What the task requires >> In full and exactly, please return the records, but keep out the pictures.

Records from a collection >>
^^^^
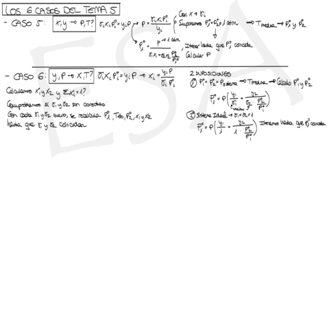 Los 6 Casos posibles en el cálculo de datos de equilibrio líquido-vapor
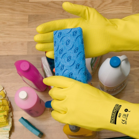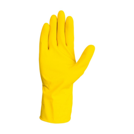 Composição Luva sem suporte de látex amarelo flocou.
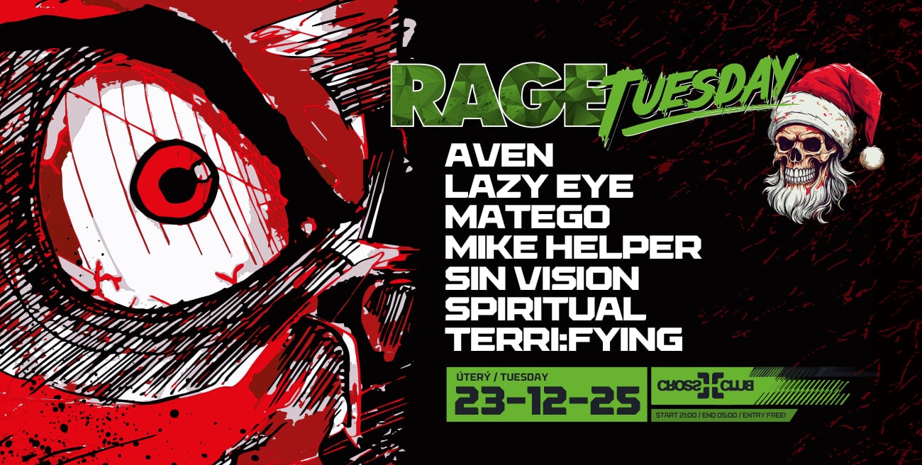 Poslední Rage Tuesday proběhne v předvánočním duchu v Crossu v rytmu veškerých subžánrů drum and bassu. Na závěrečný mejdan Rage Tuesday v roce 2025 dorazí zástupci Bassídka crew, Hefty Mess nebo třeba Salty Crew. Dorazíš na tento poslední mejdan před Vánoci?
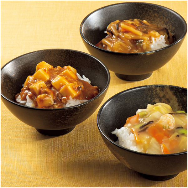 ●内容量:中華丼の具(醤油味)90g×4、中華丼の具(塩味)90g×4、麻婆豆腐丼の具90g×4
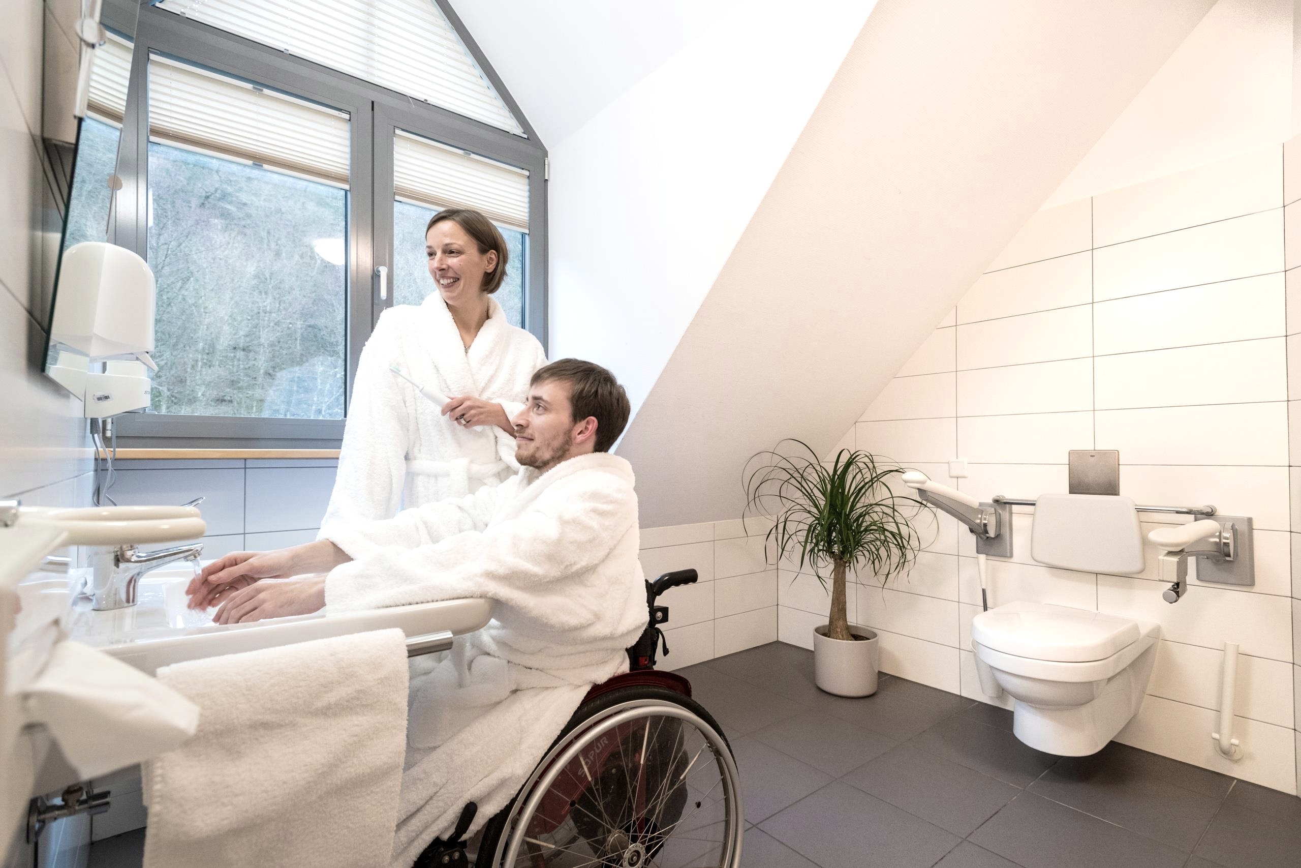 Unsere Ansprüche, unseren Gästen mit und ohne Behinderung einen Aufenthalt voller Ruhe und Entspannung zu verschaffen, sind sehr hoch. Darum wurde bereits bei der Erbauung eine behindertengerechte Ausstattung sichergestellt und umgesetzt. Wodurch ein barrierefreier Erholungsort geschaffen wurde, der über einen schönen und zugänglichen Außenbereich, Pflegebetten, mehrere Deckenlifter und ein mobiles Notrufsystem verfügt. Insgesamt bieten wir 26 Hotelzimmer an, von denen neun Zimmer für Rollstuhlfahrer geeignet sind und vier Zimmer für Gäste mit Gehbehinderung.
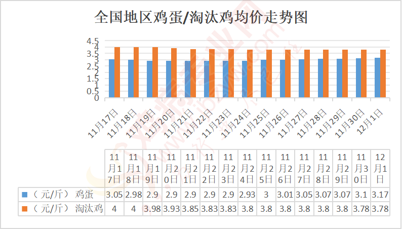 12月1日我国部分地区鸡蛋、淘汰鸡价格汇总
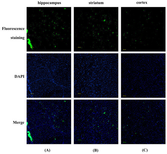 LvIB-B showed obvious fluorescence distribution in the hippocampus, striatum, and cortex in rat brain slices. The top row is the green fluorescence emitted by LvIB-B, the middle row is the blue fluorescence emitted by DAPI after nuclear staining, and the bottom row is the combination of green and blue fluorescence. (A) The hippocampus was labeled with LvIB-B to a large number of receptors, showing green fluorescence. (B) More fluorescence was also seen in the striatum region. (C) Cortical areas are marked with a small amount of α7 nAChRs, with less distribution in the cortex than in the hippocampus and striatum areas.
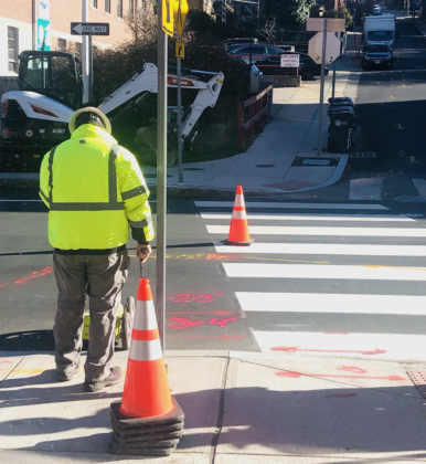 While the asphalt is barely dry, crews were covering North Main Street and the side street, Meeting Street, with spray paint on the new blacktop. An excavator is now onsite to begin to tear up the two streets.
^^^^
Exercise answer >>
 Los 6 Casos posibles en el cálculo de datos de equilibrio líquido-vapor
 Composição Luva sem suporte de látex amarelo flocou.
 Poslední Rage Tuesday proběhne v předvánočním duchu v Crossu v rytmu veškerých subžánrů drum and bassu. Na závěrečný mejdan Rage Tuesday v roce 2025 dorazí zástupci Bassídka crew, Hefty Mess nebo třeba Salty Crew. Dorazíš na tento poslední mejdan před Vánoci?
 ●内容量:中華丼の具(醤油味)90g×4、中華丼の具(塩味)90g×4、麻婆豆腐丼の具90g×4
 Unsere Ansprüche, unseren Gästen mit und ohne Behinderung einen Aufenthalt voller Ruhe und Entspannung zu verschaffen, sind sehr hoch. Darum wurde bereits bei der Erbauung eine behindertengerechte Ausstattung sichergestellt und umgesetzt. Wodurch ein barrierefreier Erholungsort geschaffen wurde, der über einen schönen und zugänglichen Außenbereich, Pflegebetten, mehrere Deckenlifter und ein mobiles Notrufsystem verfügt. Insgesamt bieten wir 26 Hotelzimmer an, von denen neun Zimmer für Rollstuhlfahrer geeignet sind und vier Zimmer für Gäste mit Gehbehinderung.
 12月1日我国部分地区鸡蛋、淘汰鸡价格汇总
 LvIB-B showed obvious fluorescence distribution in the hippocampus, striatum, and cortex in rat brain slices. The top row is the green fluorescence emitted by LvIB-B, the middle row is the blue fluorescence emitted by DAPI after nuclear staining, and the bottom row is the combination of green and blue fluorescence. (A) The hippocampus was labeled with LvIB-B to a large number of receptors, showing green fluorescence. (B) More fluorescence was also seen in the striatum region. (C) Cortical areas are marked with a small amount of α7 nAChRs, with less distribution in the cortex than in the hippocampus and striatum areas.
 While the asphalt is barely dry, crews were covering North Main Street and the side street, Meeting Street, with spray paint on the new blacktop. An excavator is now onsite to begin to tear up the two streets.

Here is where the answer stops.